EXTRACTED MATERIAL:
☆ ☆ ☆ ☆ ☆
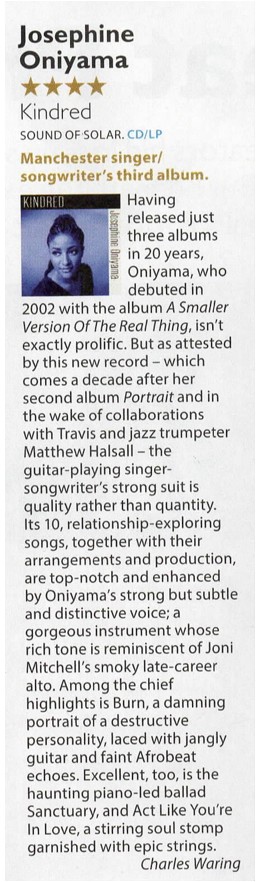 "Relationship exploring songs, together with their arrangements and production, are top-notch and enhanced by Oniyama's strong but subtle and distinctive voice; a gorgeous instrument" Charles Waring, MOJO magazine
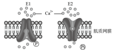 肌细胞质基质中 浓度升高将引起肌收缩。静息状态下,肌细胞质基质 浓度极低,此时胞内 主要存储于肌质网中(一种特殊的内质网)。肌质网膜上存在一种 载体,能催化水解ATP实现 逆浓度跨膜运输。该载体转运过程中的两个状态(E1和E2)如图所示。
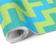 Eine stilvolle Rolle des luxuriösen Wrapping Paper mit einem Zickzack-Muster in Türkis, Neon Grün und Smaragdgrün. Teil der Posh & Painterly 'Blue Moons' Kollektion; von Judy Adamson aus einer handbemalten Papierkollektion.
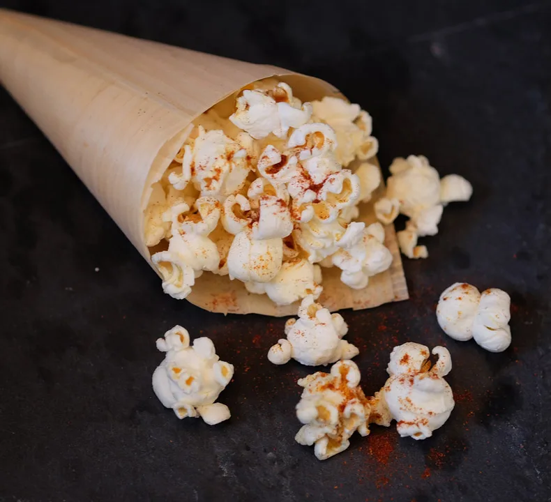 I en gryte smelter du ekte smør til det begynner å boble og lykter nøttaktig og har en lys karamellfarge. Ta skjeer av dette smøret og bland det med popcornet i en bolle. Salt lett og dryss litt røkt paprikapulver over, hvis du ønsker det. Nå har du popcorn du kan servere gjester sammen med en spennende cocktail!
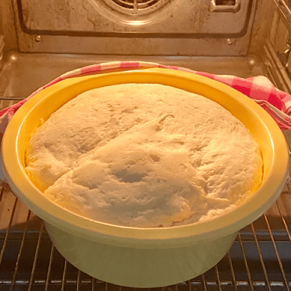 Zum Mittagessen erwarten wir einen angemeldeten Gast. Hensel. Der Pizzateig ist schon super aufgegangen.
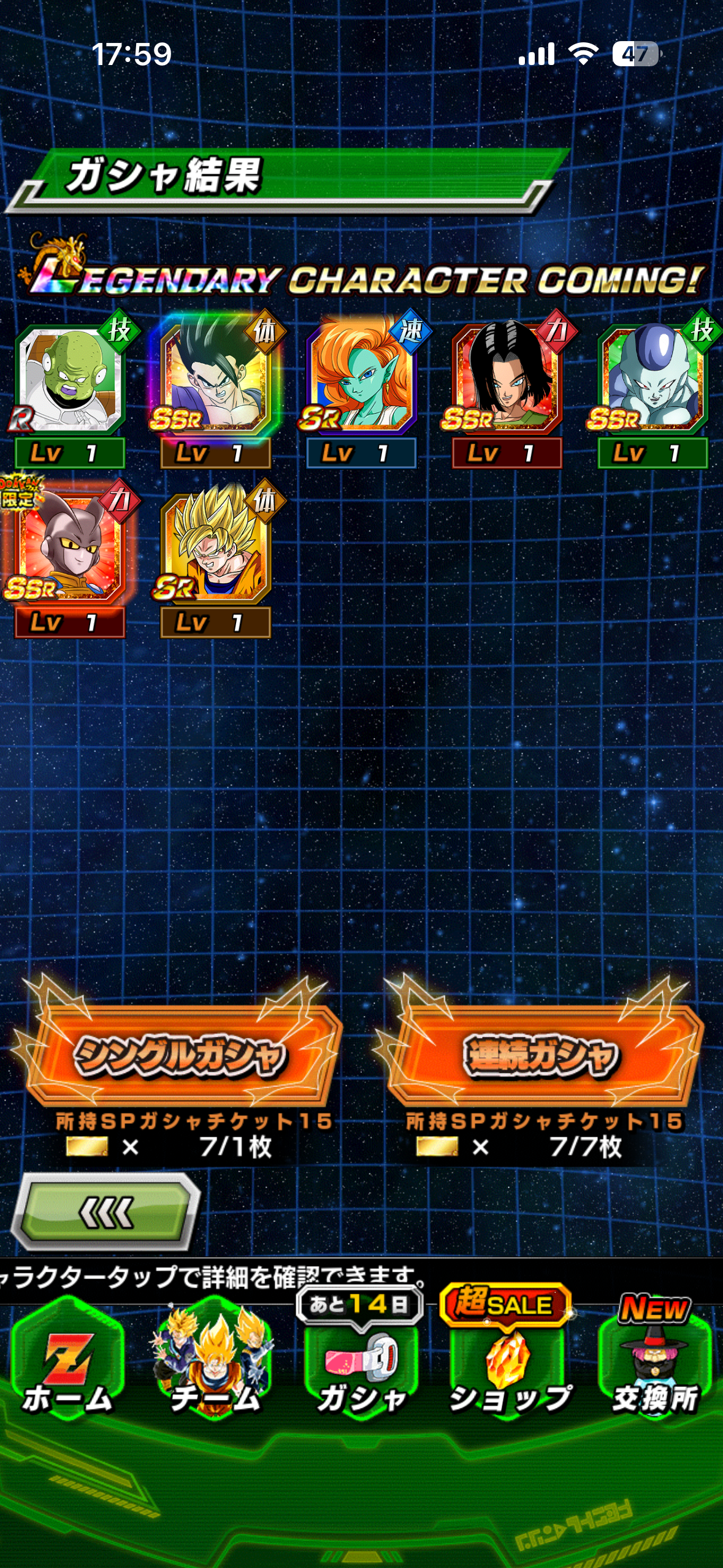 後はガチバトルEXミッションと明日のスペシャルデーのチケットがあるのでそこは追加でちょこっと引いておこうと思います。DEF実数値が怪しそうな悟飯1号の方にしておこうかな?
☆ ☆ ☆ ☆ ☆
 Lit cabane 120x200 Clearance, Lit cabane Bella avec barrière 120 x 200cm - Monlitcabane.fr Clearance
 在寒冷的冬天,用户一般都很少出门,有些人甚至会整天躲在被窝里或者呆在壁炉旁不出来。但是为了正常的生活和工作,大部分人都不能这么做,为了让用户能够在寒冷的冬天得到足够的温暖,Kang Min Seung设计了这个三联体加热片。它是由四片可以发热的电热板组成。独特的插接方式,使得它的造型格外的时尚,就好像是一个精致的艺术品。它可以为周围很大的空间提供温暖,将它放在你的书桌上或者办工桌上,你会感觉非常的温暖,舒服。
☆ ☆ ☆ ☆ ☆
WHAT THE TASK ASKS: Return the stretch of data that begins with the line showing "Zum Mittagessen erwarten" and goes on through the line showing "後はガチバトルEXミッション", exactly, with pictures removed.

REPLY TO THE EXERCISE:
 Zum Mittagessen erwarten wir einen angemeldeten Gast. Hensel. Der Pizzateig ist schon super aufgegangen.
 後はガチバトルEXミッションと明日のスペシャルデーのチケットがあるのでそこは追加でちょこっと引いておこうと思います。DEF実数値が怪しそうな悟飯1号の方にしておこうかな?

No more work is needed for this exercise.